Rowan is the Marketing Coordinator at Sprintlaw. She is studying law and psychology with a background in insurtech and brand experience, and now helps Sprintlaw help small businesses
If you’re building or scaling a company in Australia, you’ve probably heard you “need a strong board.” But what does that actually mean in practice? Most boards include a mix of executive directors and non-executive directors (NEDs). They’re all directors under the Corporations Act, yet their day-to-day roles, independence and how they add value can look very different.
In this guide, we’ll break down what each role involves, where they overlap, and how to decide what your business needs at different stages. We’ll also cover key governance documents and legal duties so you can set up your board the right way from day one.
Executive Vs Non-Executive Directors: What’s The Core Difference?

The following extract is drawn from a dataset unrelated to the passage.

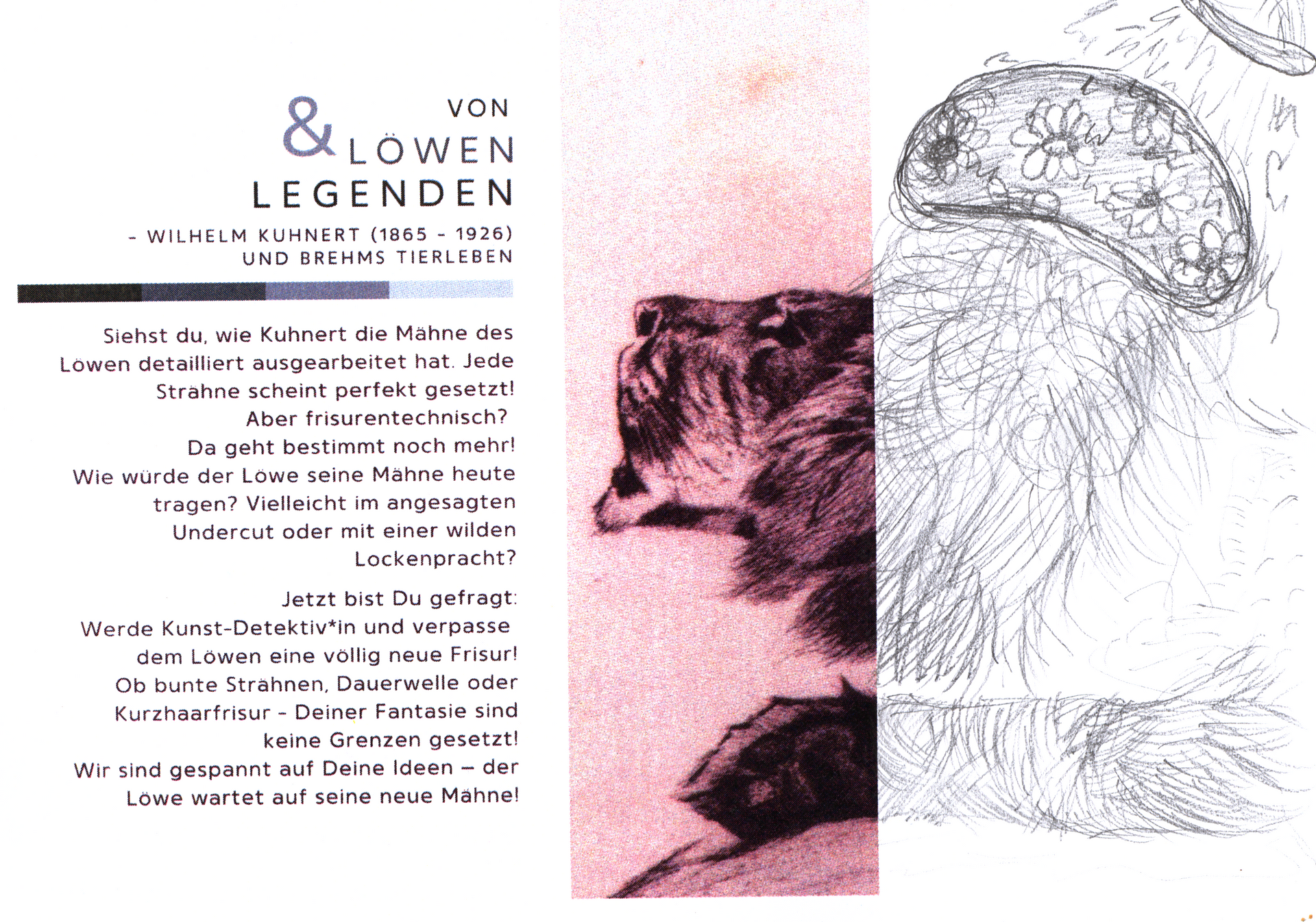 Werde Kunst-Detektiv*in und vervollständige die Werke aus unserer Sonderausstellung. Verpasse dem Löwen eine neue Mähne und setze das Äffchen neu in Szene. Deiner Kreativität sind keine Grenzen gesetzt. Das Material zum Download findest Du unter den Beispielbildern.

Both executive and non-executive directors sit on the company’s board and are responsible for overseeing the company’s direction. The key difference is whether they’re also part of the company’s management team.
Executive Directors
- Are employees or officeholders involved in day-to-day management (for example, CEO, CFO or COO who also serve on the board).

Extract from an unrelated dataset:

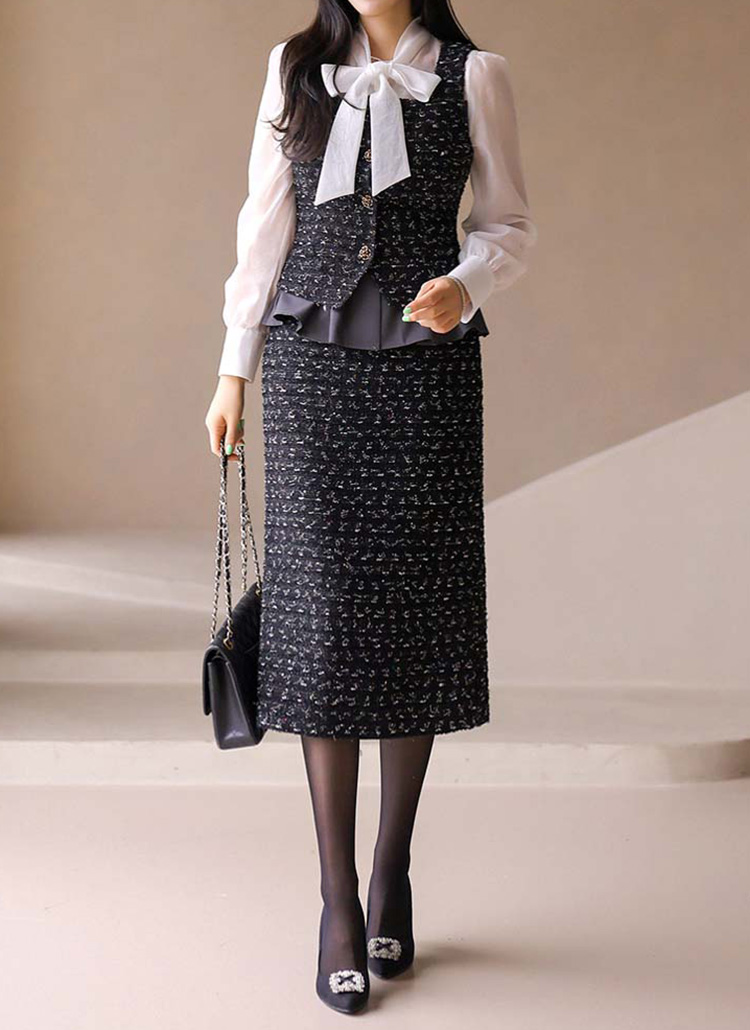 [LouisAngel] スパンコールツイードペンシルスカート sk42532

- Have operational responsibilities and profit-and-loss accountability.
- Bring deep internal knowledge of the company’s strategy, customers, people and risks.
Non-Executive Directors (NEDs)
- Do not hold management roles and are not involved in daily operations.
- Provide independent oversight, challenge, and strategic advice.
- Typically sit on board committees (audit, risk, remuneration or nominations) and focus on governance, performance and stakeholder interests.
In short, executives “run” the business while NEDs “oversee” the business. But on matters of law, they are both directors-and that matters for their duties and exposure to risk.
Roles And Responsibilities: How Do They Contribute?
Good boards combine internal insight and external challenge. Here’s how each role usually contributes.
Strategy And Performance
- Executives develop and implement strategy, set budgets, lead teams and deliver results. They present business plans and performance updates to the board.
- NEDs test assumptions, stress-test plans, and monitor performance against targets. They ensure strategy aligns with the company’s purpose, risk appetite and long-term value.
Risk And Compliance
- Executives design and operate internal controls, risk frameworks and compliance systems.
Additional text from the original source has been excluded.